Robert (seated 2nd from right) and Donna Boling (standing 4th from right) joining the Friends of McMichael Park on Love Your Park day in May 2014. Photo was for the Fallser newspaper which was celebrating their 20th anniversary. #FOMP30

Our amazing Friends of McMichael Park volunteer: Rich Lampert

Rich Lampert – FOMP volunteer for 27 years. Grant Writer. Tree Planter. “Tell me what you need.”

What did you love about volunteering in McMichael Park?

It’s gratifying to see neighbors coming together behind rakes, wheelbarrows, and the like to accomplish some shared tasks that improve our park. 


What volunteer moment are you most proud of?
Working with Alexis in a meeting that resulted in funding from our State Senator for a safer electrical box we can use for events in the park. 


What’s the biggest challenge you’ve had to overcome regarding being a park volunteer?  
Making sure I completed grant applications on time, helping to fund events such as Theater in the Park.


How many years did you volunteer in McMichael Park and what inspired you to keep participating?
I’m going on 27 years as a volunteer. I keep going because I pass by the park almost every day and it’s always satisfying to see that park remains beautiful and well maintained.


What advice do you have for other friends/volunteers?

It’s simple: Show up and pick up whatever tool you’re offered — a pruner, a rake, whatever — and work with your neighbors. Repeat every time there’s a call for volunteers to work in the park, and then it becomes an enjoyable habit. If you like to work, you’ll fit right in. 

Our Amazing Friends of McMichael Park Volunteer: Betty Miller

“UNLESS someone like you cares a whole awful lot, nothing is going to get better. It’s not.” -The Lorax
    Dr. Seuss

What did you love about volunteering in McMichael Park?
I volunteer in McMichael Park to do something to enhance our neighborhood and make it a better place for all. By working side by side with other neighbors one gets a sense of teamwork, camaraderie and pride.

What volunteer moment are you are most proud of?
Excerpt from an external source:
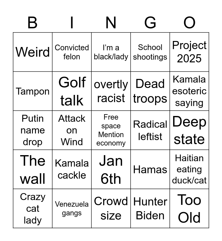 This bingo card has a free space and 24 words: Kamala cackle, Venezuela gangs, overtly racist, Crazy cat lady, Project 2025, Weird, Tampon, Convicted felon, Radical leftist, Jan 6th, Dead troops, Putin name drop, Hamas, Haitian eating duck/cat, Golf talk, Hunter Biden, Deep state, I’m a black/lady, Kamala esoteric saying, Attack on Wind, Too Old, The wall, School shootings and Crowd size.

Happy to help where and when ever I can.

What’s the biggest challenge you’ve had to overcome regarding being a park volunteer?  
As a senior member I am happy that I am still physically able to plant, cut or simply pick up sticks.

How many years did you volunteer in McMichael Park and what inspired you to keep participating. 
I have been a volunteer since it’s early days. I volunteer to better our community, make new friends, environmental reasons and basically help to preserve our treasured park.

What advice do you have for other friends/volunteers?
I would encourage all for……
“UNLESS someone like you cares a whole awful lot, Nothing is going to get better. It’s not” …….The Lorax  by Dr. Seuss.
“UNLESS someone like you cares a whole awful lot, nothing is going to get better. It’s not.”